Adam Przeworski, em artigo intitulado “Quem decide o que é democrático?”, discute o conceito de democracia. Em resumo, existem dois grupos: os minimalistas, com abordagem mais procedimental, definem a democracia como um regime em que os cidadãos são livres para escolher e remover governos livremente; e os maximalistas, que a veem como um método para realizar certos valores extrínsecos que consideram desejáveis.
A questão colocada pelo autor é que, enquanto a definição minimalista possa parecer insuficiente para muitos, permite a convivência com forças retrógradas e que até defendam o fim da democracia, os maximalistas não conseguem chegar a um consenso sobre quais são os valores essenciais da vida democrática. Não existe uma vontade geral que contemple a todos, não podemos ser reduzidos a um interesse singular: somos muitos e diversos, com valores e prioridades diferentes.
Em uma vida política democrática, aceitamos as derrotas ou que os valores dos grupos que estão nos governando sejam diferentes dos nossos porque os governos são passageiros. Como destaca Przeworski, “as derrotas são sempre temporárias”, apenas até a próxima eleição.

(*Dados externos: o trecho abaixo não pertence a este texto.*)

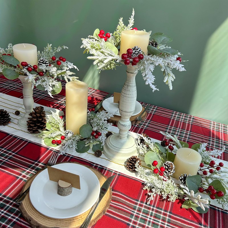 - Quantity: 4 Pcs Artificial Eucalyptus and Snowy Cedar Candle Rings Christmas Candle Holder Rings Mini Window Wreaths with Red Berries Pine Cones. Each Christmas candle ring consists of eucalyptus leaves, snowy cedar twigs, 4 clusters of red berries and 3 pcs small pine cones, providing a simple yet powerful addition to your winter decor. They are versatile to meet your daily needs and various holiday decorating needs.

As oposições aos governos retrógrados e antidemocráticos precisam se unir para serem bem-sucedidas. Isso só é possível na medida em que considerem o método democrático eficiente para processar os conflitos sobre os valores que a democracia deve perseguir.

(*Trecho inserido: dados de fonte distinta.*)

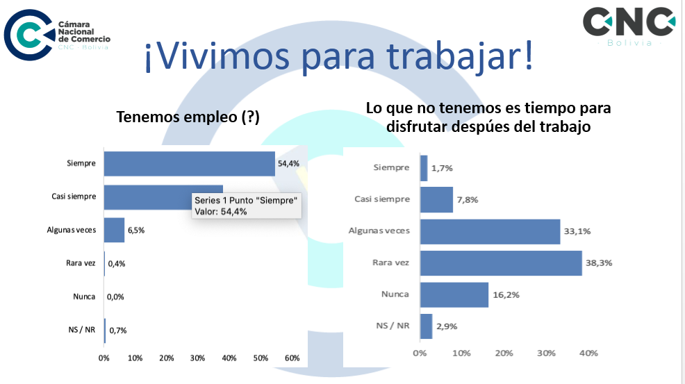 Otro de las datos que llamó la atención del público asistente fue la percepción de que el paceño “vive para trabajar”, pues los resultados demostraron que el grupo poblacional entre los 25 y 54 años (activos laboralmente) no están satisfechos con el tiempo libre que tienen después del trabajo, por lo tanto no pueden disfrutarlo habitualmente.

Apenas quando os brasileiros entenderam a magnitude da ameaça representada pela reeleição de Jair Bolsonaro e se uniram em torno da candidatura de Lula foi possível superar o retrocesso. A chapa Lula-Alckmin e os apoios de Tebet e Marina no segundo turno exemplificam essa aliança pragmática. Já na Polônia, em 2023, forças políticas diversas deixaram de lado temas polêmicos, como a descriminalização do aborto, para formar uma coalizão capaz de enfrentar o PiS.
O debate sobre a democracia e a importância de defendê-la frente às ameaças de forças retrógradas e antidemocráticas parecem especialmente relevantes neste início de 2025. Três eventos significativos remetem a esse tema.
A certificação da vitória eleitoral de Donald Trump ocorreu pacificamente e sem intercorrências, um contraste marcante com o que aconteceu quatro anos antes. Kamala Harris, adversária de Trump na disputa de 2024 e atual vice-presidente, presidiu a sessão do Congresso que formalizou a certificação de seu adversário.
Os atos que marcaram os dois anos dos atentados de 8 de janeiro, quando Congresso, STF e Palácio do Planalto foram invadidos e vandalizados por simpatizantes de Jair Bolsonaro inconformados com sua derrota eleitoral, foram marcados por um esvaziamento político preocupante. Os presidentes da Câmara, do Senado e do STF não estiveram presentes, o que arrisca reduzir uma celebração que deveria ser de todas as forças democráticas do país a um marco apenas da esquerda.
Por fim, a posse de Nicolás Maduro na Venezuela ocorreu após um processo eleitoral marcado por irregularidades e pela ausência das atas que comprovassem a autenticidade da apuração.
Esses eventos reforçam a relevância do debate sobre o que é democrático e sobre o papel das alianças políticas para salvaguardar a democracia em tempos de incertezas.